So there he sat in an open carriage, on display to the world in his new finery, with his hundred-guinea presentation sword at his hip, the one awarded by the East India Company for saving the small homeward-bound convoy in the South Atlantic, a few years before, when he’d still had the
Proteus
frigate. His gilt buttons were polished to mirror-like gleamings, those silly shoes blacked and buffed nigh to patent leather shininess, and all his clothes so restored, or new, that he feared the young imps of the London Mob would delight in covering him with dung and mud before they’d gone half a mile.
He stared at the sky, dreading rain, too. It had rained the day he’d arrived, though the last two had been dry, so maybe there would be no puddles to wade through when they alit at the palace.
If there are, will my father fling a cloak on ’em, like Walter Raleigh did for Queen Elisabeth?
he sourly wondered;
I doubt
that
!
“We’ll have to be brushed down, once we’re there,” Sir Hugo said with a squinty look. “Damn powdered wigs.
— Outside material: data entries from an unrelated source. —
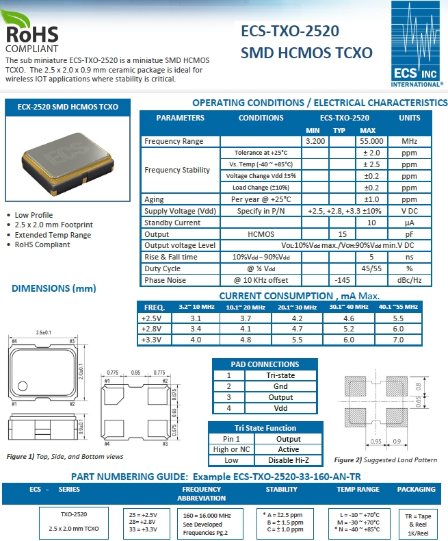 ECS晶體,ECS振蕩器,ECS-TXO-2520貼片晶振.溫補(bǔ)晶振(TCXO)產(chǎn)品本身具有溫度補(bǔ)償作用,高低溫度穩(wěn)定性:頻率精度高0.5PPM~2.0PPM,常用頻率:26M,33.6M,38.4M,40M.因產(chǎn)品性能穩(wěn)定,精度高等優(yōu)勢,被廣泛應(yīng)用到一些比較品質(zhì)的數(shù)碼通訊產(chǎn)品領(lǐng)域,導(dǎo)航定位系統(tǒng),智能手機(jī),WiMAX和無線通信等產(chǎn)品,符合RoHS/無鉛.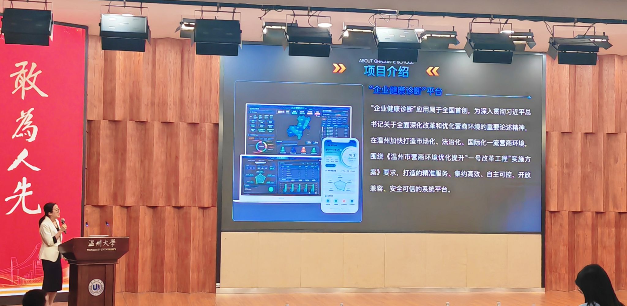 在yl23411永利官网登录服务温州高质量发展项目签约推介会上,大数据与信息技术研究院副经理陈丽燕现场演示了全国首创的“黑科技”成果“企业健康诊断系统”项目。“项目通过深度分析企业的生产经营数据,为企业提供科学的决策支持,帮助企业定位问题、优化管理流程,提升运营效率。我们围绕经营活力、创新驱动、质效提升、结构优化、风险防范五个方面,建立了健康评价算法池,与经信、市监、大数据等部门互动,实现省、市、县、乡、网格五级贯通,初步形成企业数据‘分析-预警-体检-诊治-监调’的全生命周期工作闭环。”陈丽燕进一步介绍,“企业健康诊断系统”项目还可以动态掌握区域经济情况、微观经济画像和个体企业发展情况,对苗头性问题实行预警,助力政府部门精准施策。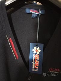 Bellissimo cardigan con bottoni Guru, NUOVO per uomo,con cartellino e cellophane taglia L, tessuto misto cotone. Colore blu scuro. Particolari profili gialli sottili in tutto il perimetro delle cuciture. Condizioni perfette.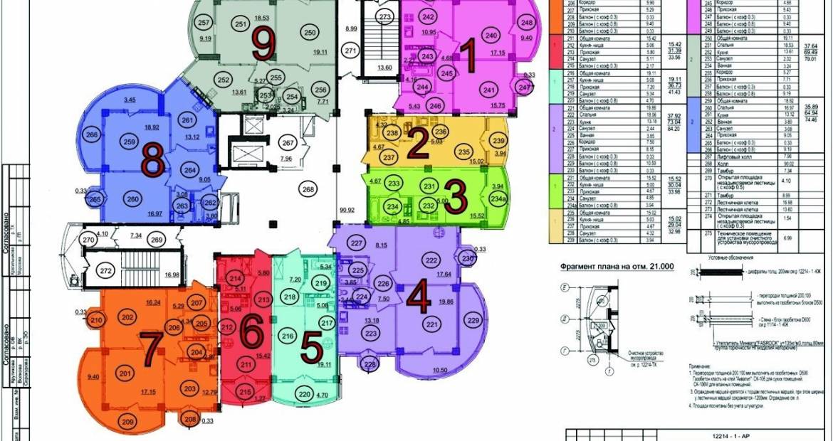 Квартира площадью 79.01 м.кв. расположена 7ом этаже 11-ти эт. дома. На плане дома обозначена тип 9. В квартире две изолированные комнаты, кухня, санузел, гардеробная, прихожая, 2 балкона. Балконы общей площадью 7 кв.м. не входят в площадь квартиры.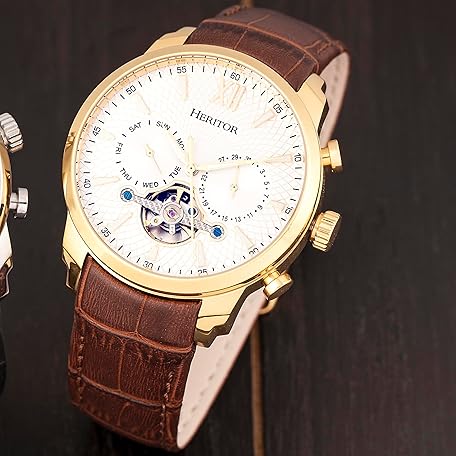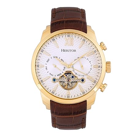 Sản phẩm Heritor Arthur 自動セミスケルトンダイヤル メンズウォッチ HERHR7900, ブラウン/ゴールド/シルバー/ホワイト SKU:HERHR7904, ストラップ đang được bán với giá ưu đãi là $355.1983 tại nước Nhật.
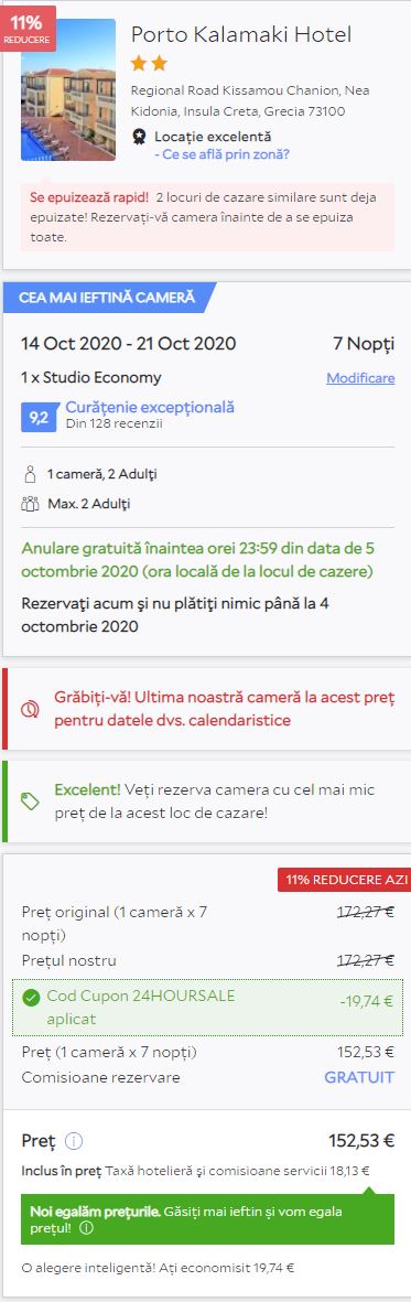 - Cazare 1: Porto Kalamaki Hotel – 153 euro / 7 nopti / camera dubla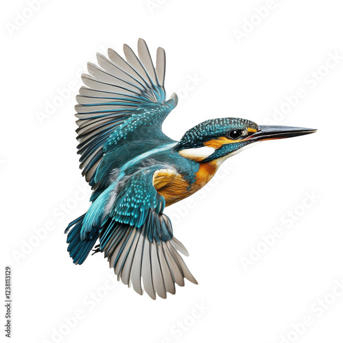 Common kingfisher bird in flight with wings spread on a transparent background, showcasing vibrant blue and orange plumage, a concept of wildlife, nature, and ornithology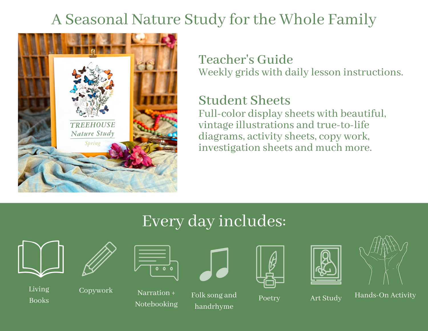 “Early in our home education I went on a search for a gentle guide to take our family on an educational journey through the seasons. I wanted something that was simple and beautiful and that introduced my children to art, poetry, living books, and nature in an organic way. I couldn't find what I had dreamed up in my head, so instead I developed it. My hope is that Treehouse Nature Study is a tool to truly awaken delight and wonder in your home education.”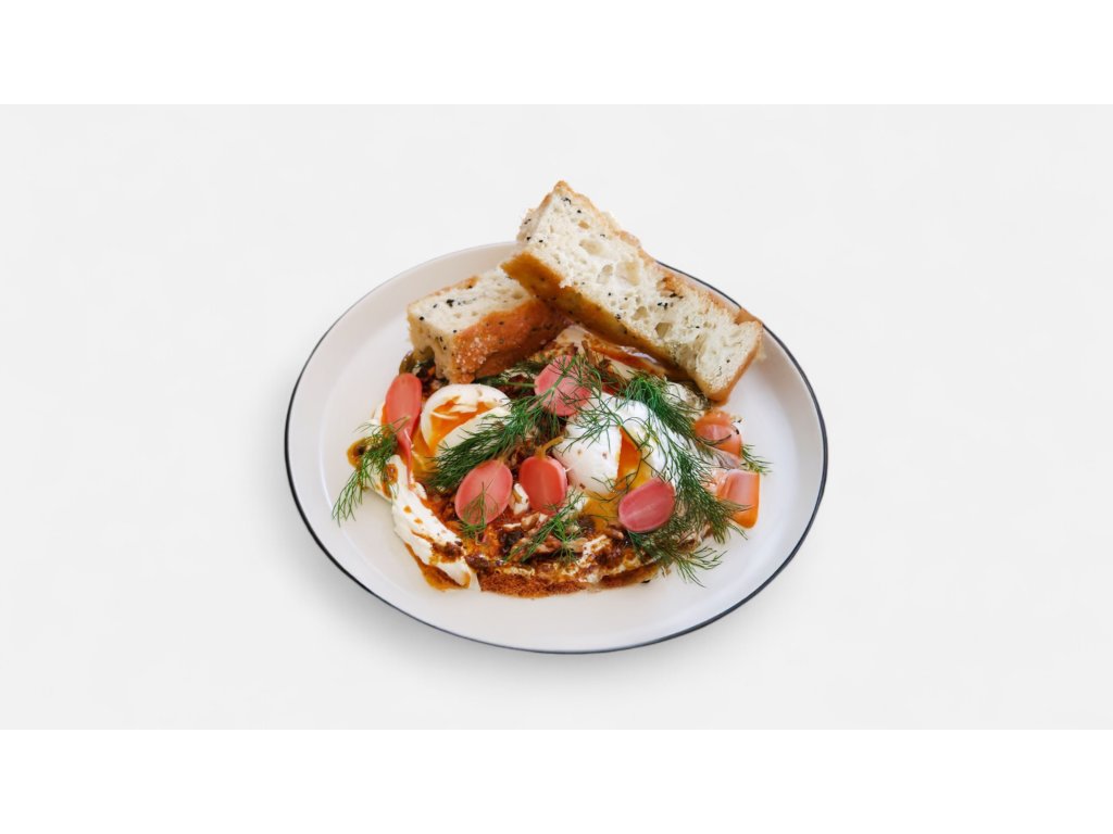 Bylinkový labneh / kořeněné máslo / topinamburové chipsy / ořechy / rajčata / cibulová focaccia / kopr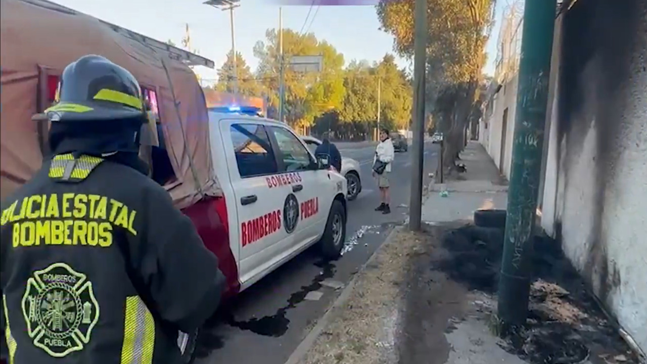 Un incendio poir quema de llantas en la avenida Héroe de Nacozari y 15 Norte provocó una intensa movilización y tráfico en la zona oriente de Puebla hoy 3 de marzo de 2026.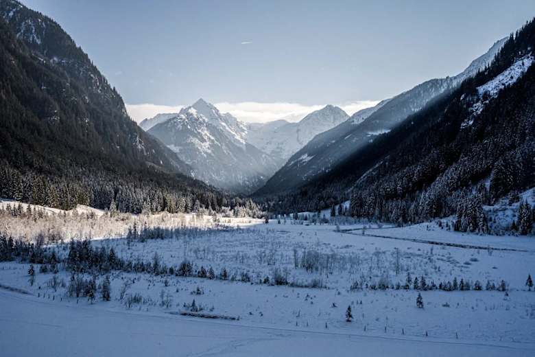 Weiter taleinwärts geht es am Ausichtsturm vorbei durch den Wald zur Waldhäuslalm. Direkt nach der Waldhäuslalm zweigst Du rechts ab, querst die Brücke über den Untertalbach und wanderst auf dem geräumten Forstweg weiter zur Sondl-Alm. Entlang des Weges hast Du hier immer wieder einen wunderbaren Blick auf die Loipen, die entlang des Untertalbaches ebenfalls zur Sondl-Alm führen.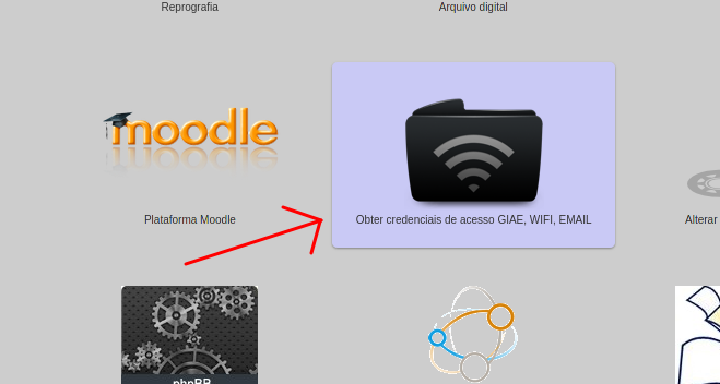 Para a obtenção das credênciais de acesso deverão ir ao servidor da escola em https://escola.esmf.pt e ir ao sistema de obtenção de credenciais WIFI/GIAE/REDE (icone WIFI preto). Deverão preencher todos os passos indicados.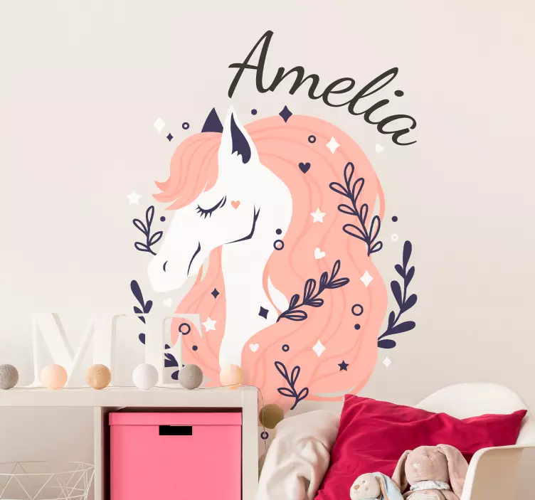Roztomilý koňský hlavy design ilustrace s přizpůsobitelným názvem. Tento výrobek je perfektní dekorace do ložnice pro děti, které milují koně. Samolepky mohou být vyzdobeny v herně, školce, na školním dvoře a kdekoliv jinde. Vysoce kvalitní vinyl, který používáme, zajišťuje, že se při aplikaci nevytváří vzduchové bubliny. Vyberte si velikost, která Vám nejlépe vyhovuje, a objednejte si tento fantastický produkt pomocí našich zabezpečených platebních možností.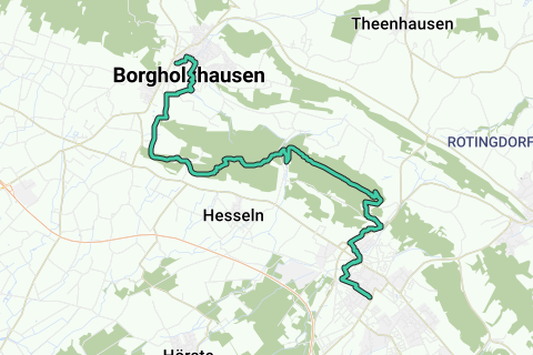 El camino de Halle a "Pium", como también se conoce a Borgholzhausen, está marcado por dos imponentes construcciones. La OWL ARENA al principio de la ruta representa la modernidad y el gran y amplio mundo. Por otro lado, el castillo de Ravensberg es el símbolo histórico de la tierra de Ravensberger. Después de descender del monte del castillo, los caminantes pasan por los pintorescos granjeros de arenisca de Osning en su camino hacia el destino. "Pium" finalmente ofrece huellas de dinosaurios y una de las iglesias más antiguas.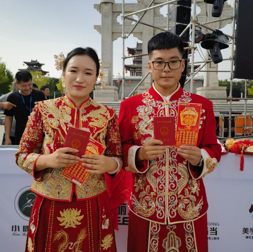 仪式上,魏县民政局局长郭福林为新人们证婚,魏县福彩中心向20对新人分别赠送了刮刮乐“囍”票,祝新人 “囍”结良缘、喜上加囍。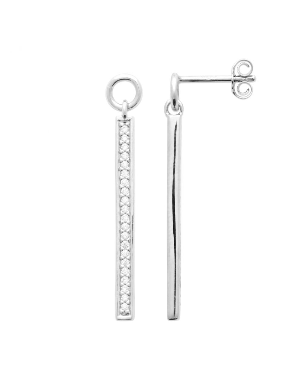 Ces élégantes boucles d'oreille barre empierrée en argent 925 rhodié se distinguent par leur design épuré et moderne. Leur silhouette allongée et rectiligne est ornée d'une rangée scintillante de pierres en oxyde de zirconium, capturant et réfléchissant la lumière avec éclat. La finition rhodiée garantit un éclat durable tout en protégeant l'argent contre le ternissement.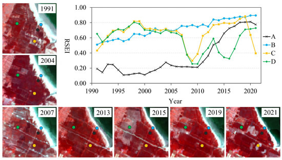 As seen in Figure 10, the implementation and progress of reclamation projects has occurred. It was found that the area of poor RSEI level increased from 8.96 km2 to 22.74 km2 between 2011 and 2012 because of land reclamation. Because of different policy orientations, afforestation was carried out in area A and a port and trade zone was developed in area B (Figure 10). The level of RSEI improved rapidly with the growth of afforestation in area A. While the RSEI in area B was maintained at a low level due to land construction, the RSEI gradually improved to an inferior and medium level until 2018. This can be explained by the gradually developing green infrastructure, which was reflected in an improved RSEI level.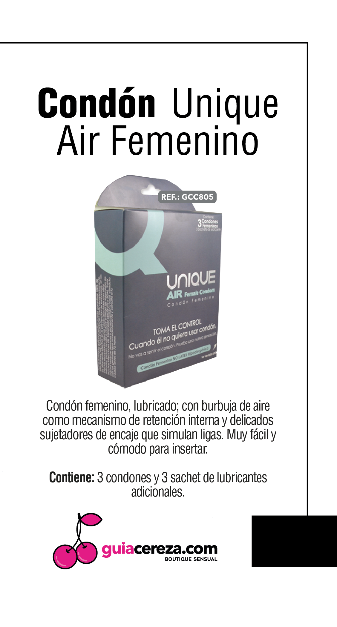 Condón femenino, lubricado; con burbuja de aire como mecanismo de retención interna y delicados sujetadores de encaje que simulan ligas. Muy fácil y cómodo para insertar.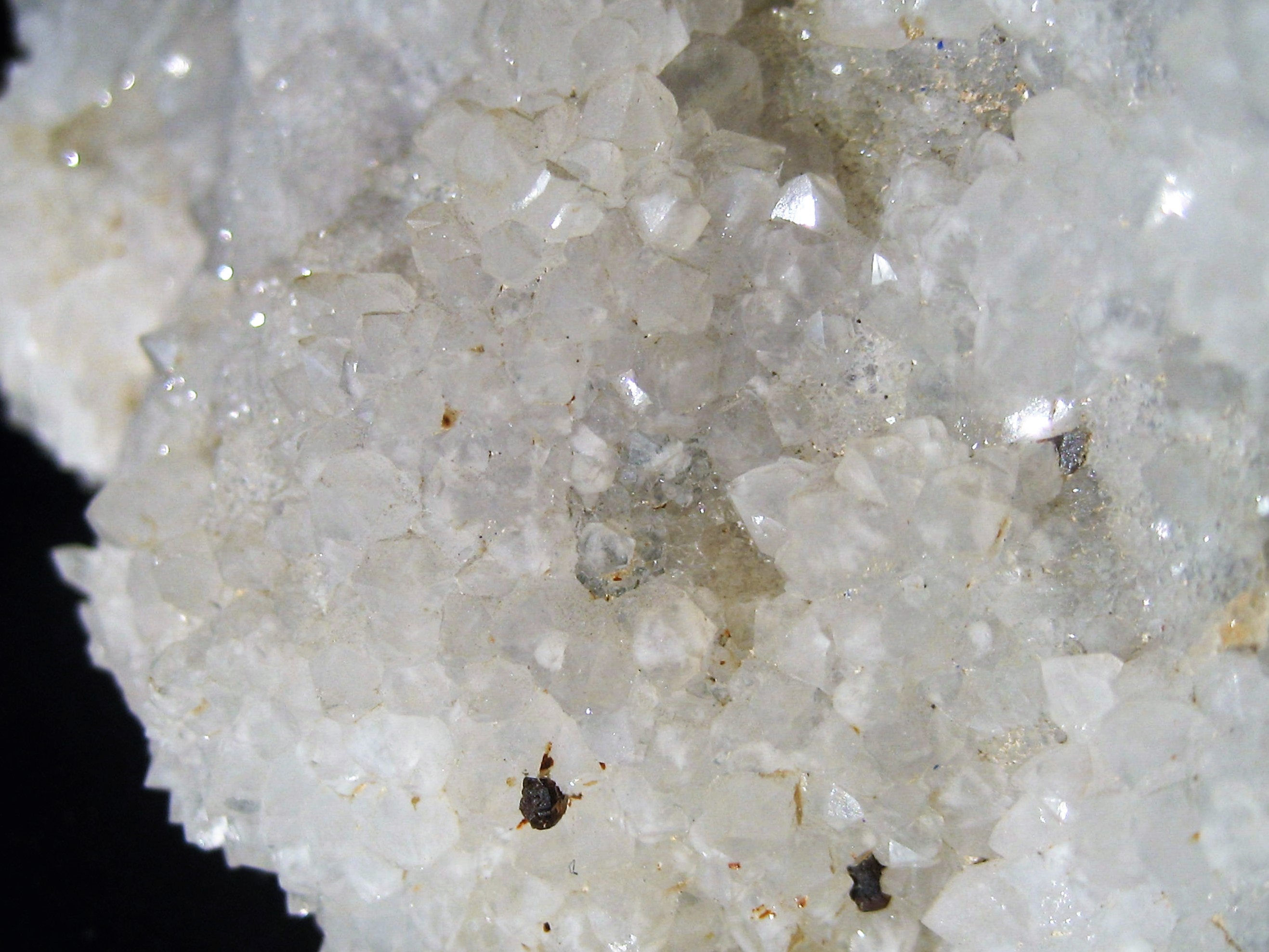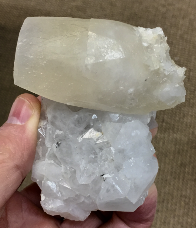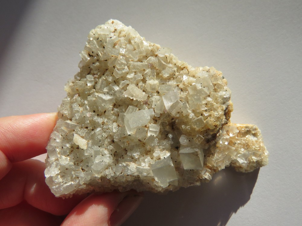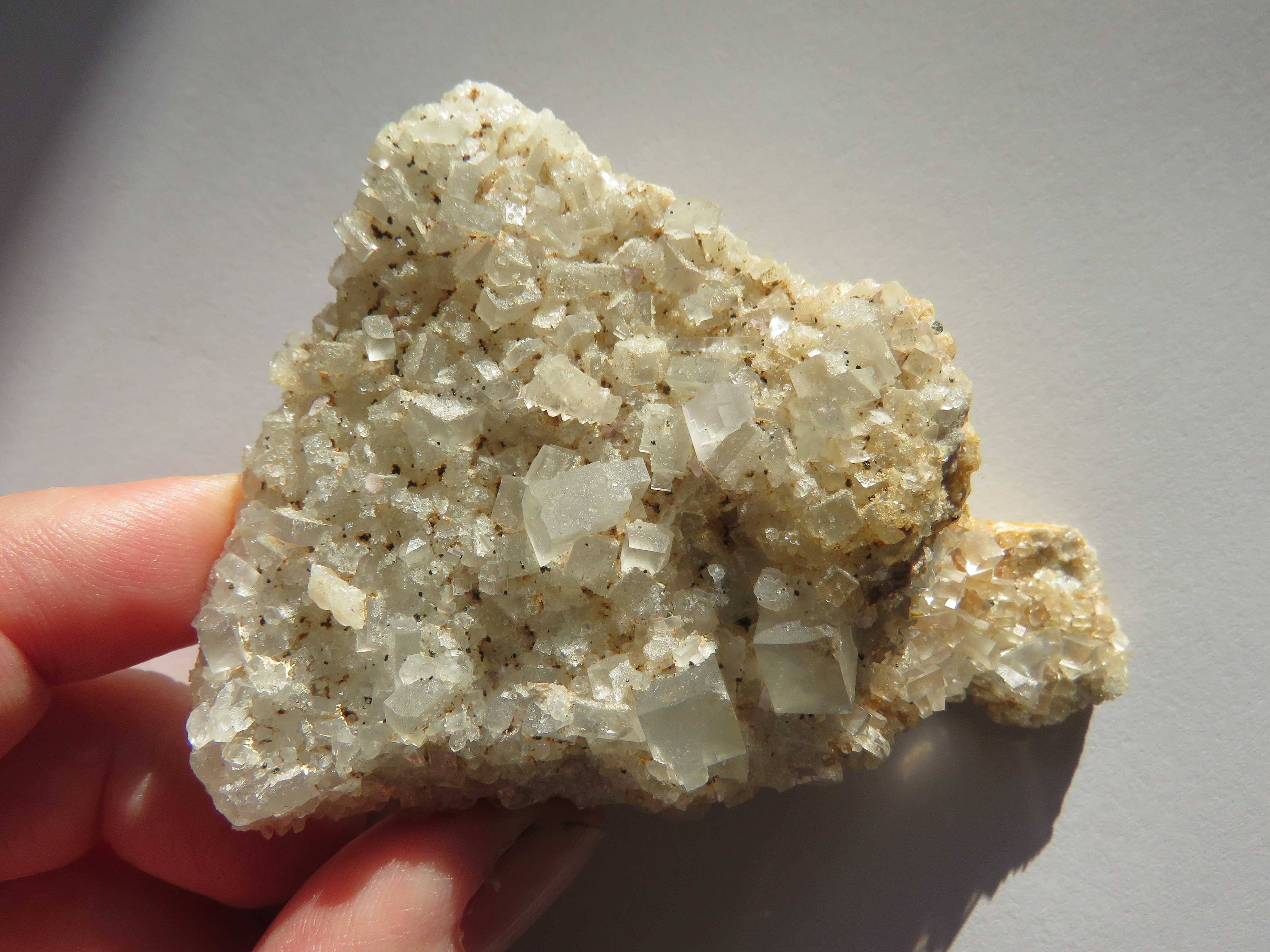 Bonjour, voici un petit exemplaire très ancien et d'origine perdue de fluorine française, dont les cristaux incolores à très légèrement verts ont tous une forme très allongée, avec saupoudrage de petits quartz.  Le cristal le plus allongé de ce spécimen mesure 8 mm de longueur pour des faces d'1 mm de large ! Pourrait-t-il s'agir d'un exemplaire de Fonsante ?

S’pose the palace flunkies and catch-farts know what they’re about with whisks.”
“Ever been?” Lewrie asked him as they headed south down Baker Street, turning right onto Oxford Street, and bound for the shortest and most direct main route down Park Lane along Hyde Park.
“The once,” Sir Hugo allowed, picking lint from his coat. “When I got tapped and named a Knight of the Garter. Back when the King was saner than he is now, and ‘Prinny’ was a toddler. Horrid-stuffy, was ‘Farmer George’s’ Court in those days. In Publick, at least. My sort, well … ye’ll note they haven’t had me back for a brandy since.”
“Understandably,” Lewrie japed with a smirk.
“Don’t imagine
your
welcome will be a whit better, haw haw!”
Damme if he ain’t got it exactly right,
Lewrie thought.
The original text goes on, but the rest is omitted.